The memory-dream-delusion breaks apart like a cloud, and when my eyes clear, Thanatos has beheaded Oneiroi, snarling. He has no claws, but he drags his fingers through her body, making long bloody grooves.
Akihiko reacted first, pushing himself up onto one elbow. "Ken – what?" Ken didn't answer, keeping his teeth closed on the panic, watching as Akihiko rose to one knee, looking around, taking everything in. "How did we –"
"S-senpai?" Junpei slurred, rubbing his jaw. "Did the – holy shit!"
Fuuka sat up, Koromaru whimpering. Mitsuru lifted her head, pushing aside her hair to see. Yukari rolled over and shook Shinjiro' shoulder. "Senpai!" Shinjiro shivered, and he pushed himself to hands and knees.
"Ken – ?"
"Where is this?"
"How the hell did – "
The words broke through his composure. "I don't know where they are."

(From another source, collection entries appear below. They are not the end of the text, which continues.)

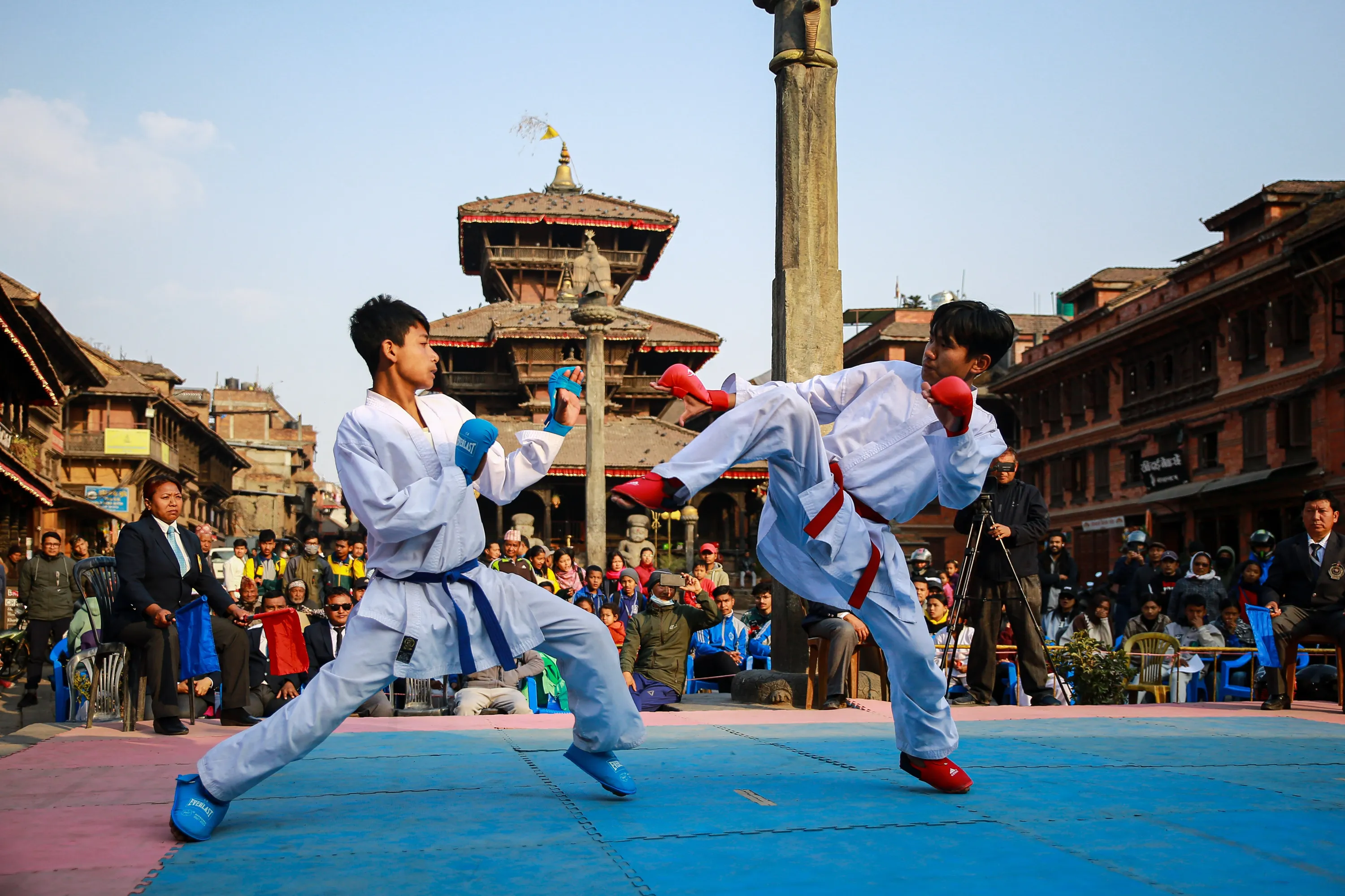 Students from various schools are participating in the Bhaktapur Municipal School-level Karate Competition, organized by the Bhaktapur Municipality in Bhaktapur, on February 9, 2024. (Photo by Amit Machamasi/NurPhoto/Rex Features/Shutterstock)
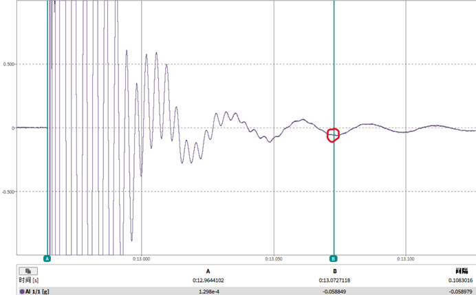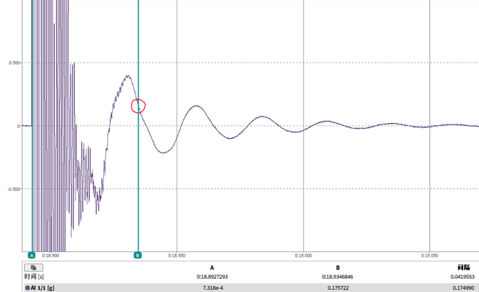 i 圖片分析:從兩張圖片中可以看出,我們在相同條件下進行了對比,選取的時間間隔均為約100ms,波形幅度值均為±1g,以保證完全相同的測試環(huán)境。紅圈標記的位置代表了高頻振動分量消失的時刻。盡管兩個減振棒在該位置均達到了高頻振動的消失狀態(tài),但阻尼特性差的減振棒所需的衰減時間顯著長于阻尼特性好的減振棒,這表明其對高頻振動的抑制能力較弱,而阻尼特性好的減振棒在更短時間內(nèi)能夠消除高頻成分并恢復平穩(wěn)狀態(tài),從而表現(xiàn)出更優(yōu)異的減震效果。
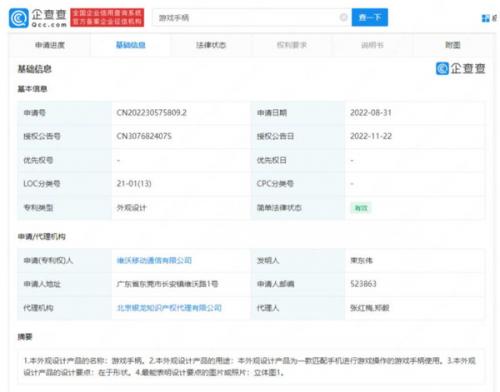 根据企查查App显示的信息,11月22日,维沃移动通信有限公司外观专利“游戏手柄”获得了授权。专利摘要显示,本外观设计产品为一款匹配手机进行游戏操作的游戏手柄使用,设计要点在于形状。从相关图片我们可以看到,这款游戏手柄只有一边,能够卡住手机。同时,其正面设有一个摇杆、一个十字键和一个比较特殊的药丸形状按键,手柄的正上方还有扳机和肩键。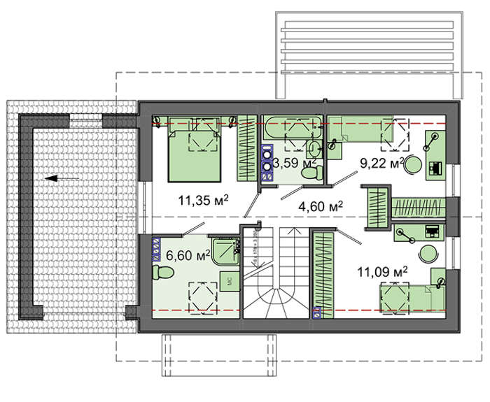 • 4M222 Проект небольшого аккуратного дачного коттеджа с гаражом и мансардой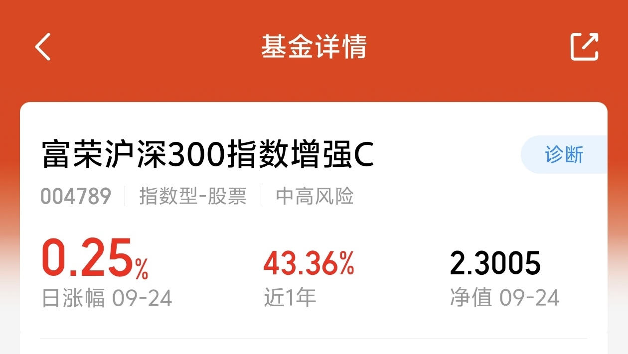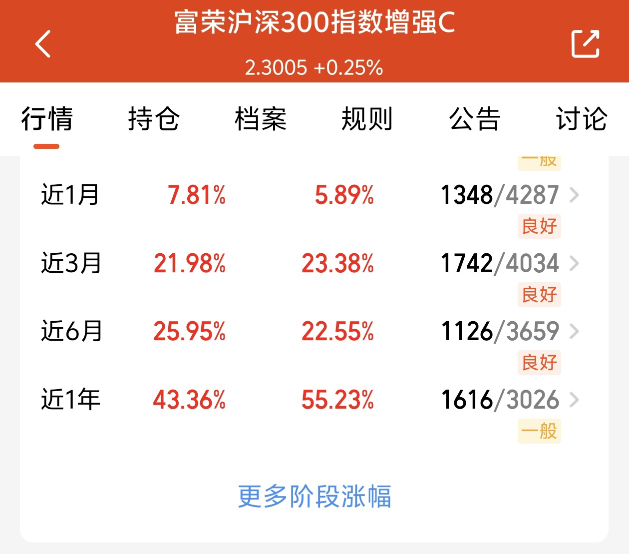 $富荣沪深300指数增强C$ 到目前为止估值上涨了1.07%,今晚吃大肉。基金历史业绩表现的也是非常的优秀。近一个月上涨了7.81%,近三个月上涨了21.98%,近一年的收益率高达43.36%,盈利能力强。各阶段业绩在同类基金排名领先,收益率远超同类平均。基金精准的跟踪沪深300指数,综合费率低。随着经济的逐步回稳向好,企业盈利能力逐步的增强,大量的资金顺周期流入沪深300指数,将迎来新一轮的上涨。同时沪深300覆盖行业多,降低了单一行业波动的风险,同时能享受不同行业带来的发展机遇。当前沪深300市盈率处于较低水平,配置价值高,期待后期收益,坐等吃肉。
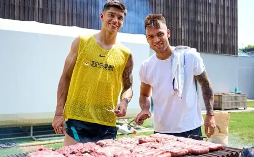 Y fueron los argentinos Lautaro Martínez y Joaquín Correa los que se apropiaron de la parrilla, encargados de condimentar, vigilar y dar vuelta la carne, además de mover el carbón y servir el plato de sus compañeros.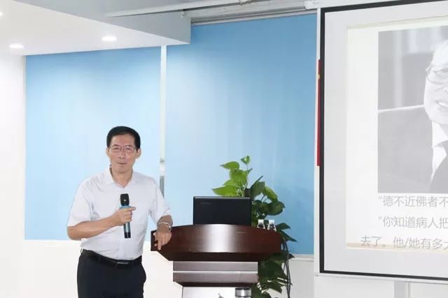 在课程开始之前,首先由深圳万丰医院总经理茅建辉致辞,茅总道,第一期的干部培训反映不错,各个科室也积极参与到医院文化创建中来,今天我们举行第二期干部培训,非常荣幸再次邀请到了深圳市医院协会医院文化分会会长、北京大学深圳医院党委书记王涛教授前来授课。茅总同时还阐述了医院管理的核心,从加强医院管理、规划职业人生的角度出发,表达了创建人文医院的决心。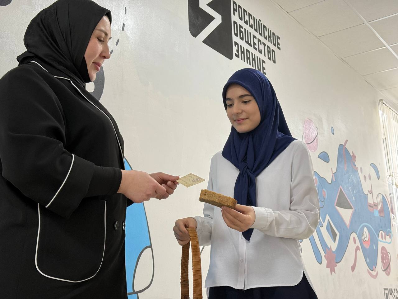 В память о погибших в годы блокады учащиеся школы раздавали символические кусочки хлеба, напоминая о том, какую цену заплатили ленинградцы за Победу.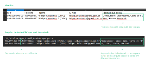 Exemplo: uso do separador de colunas e do delimitador de texto.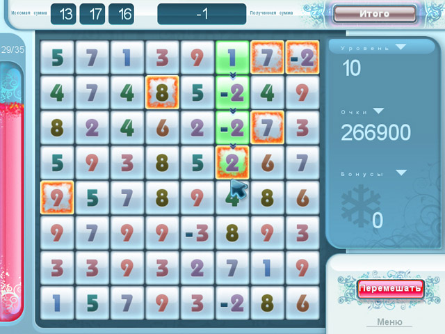 На первых этапах может показаться, что все очень просто, но это только иллюзия. Сначала на игровом поле появятся отрицательные числа, которые будут вычитаться из сумм. Затем возникнут горящие клетки, они будут медленно опускаться вниз. Если хотя бы одна из них достигнет края экрана, игра закончится. К отрицательным числам вскоре прибавится умножение. Если добавить такую фишку в цепочку, то уже имеющаяся сумма возрастет в несколько раз!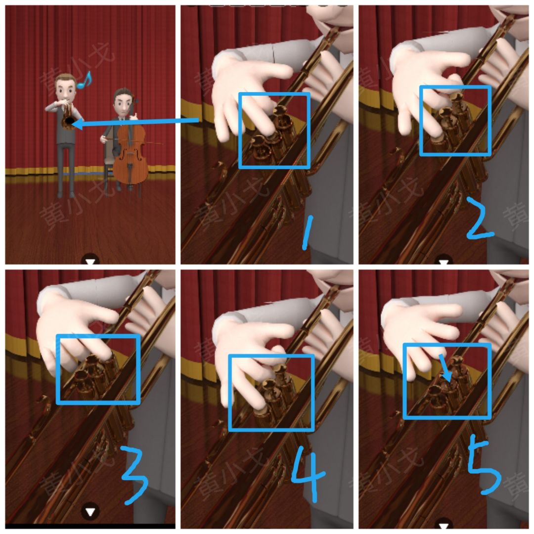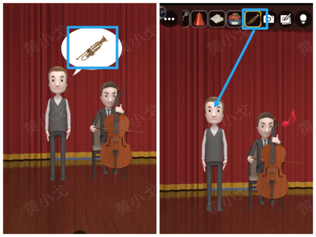 5.点击舞台左侧的演奏者,拿【小号】给他

"What?" Yukari asked, not incredulous, just uncomprehending, just as Shinjiro said, "Where's Mina? Did anyone see her fall?"
"What?"
"Wait, you're right – "
"Where's Aigis?"
"This isn't – "
"There's no way out of here!"
"Everyone, be quiet," Fuuka almost snapped, her eyes wide, her head tipped, listening. "Juno," she murmured under her breath.
"What is it?" Junpei asked quickly. They were all on their feet now, circling through the chamber, pressing their hands against the stone walls. "Can you see them, Fuuka?"
"No, but." She drew her Evoker and placed it to her temple. "Shadows are coming!"
The walls bubbled, beaded with ichor.
Oneiroi crumbles in Thanatos' hands, and he vanishes. I climb to my feet, watching as the ashy remains sweep and rock in the wind, coalesce, form Ker's shape, now unmistakable to me. Still only ash debris, she floats downwards through the air, arms raised. Her toes hit the ground and she breaks apart, upwards, forming three sinuous stalks. The ashes flash golden, then solidify as a tree, three women for its branches. The Hesperides.
I launch into a run – then am launched by Garudyne. Hurtling through the air, I flail my center of gravity and don't land too bad, though pain shears up my left leg. I run – land badly on that leg – keep running, swinging my blade, aiming for the tree's trunk. The wind hasn't let down, the three nymphs keening a song that I can't follow, leaves swirling, apples rattling.
My blade gouges up the bark, splinters flying and golden blood spilling out. I step back, giving myself room to strike again, and another Garudyne comes. I sidestep, nearly thrown into the air, but I keep my feet, stumble into my next lunge, piercing one Hesperis through her stomach. Her mouth stretches as she screams, tusks breaking through the lovely lips. I hit the central Hesperis on my backswing, ichor splitting along her face.
You should have taken your chance and gone back to the Seal.
Shaft smacking against my palm, lifting the naginata for the strike to the last Hesperis.
Only on the Seal can you guarantee their safety.
Not while Ker's around. The last Hesperis' head tumbles from her shoulders, my blade flecked with black and gold blood, splattered with my own across my cheeks. I fall back, a gold fountain spraying from the Hesperides' trunk. The flume narrows, softens. The trunk vanishes and the blood pales. Ker, whole again, drops lightly to the ground. She looks unhurt, still wearing her simple dress from the concert.
I slant the naginata in front of myself, waiting for her to shift into another ker. Who's left? Oizys, Philotes –
She isn't smiling, mouth bent with something that might be impatience. "Perhaps it's best to take you out with a ker no one's dealt with yet." She clasps her hands, brings them to her lips, then blows a kiss. "I call upon the Fates."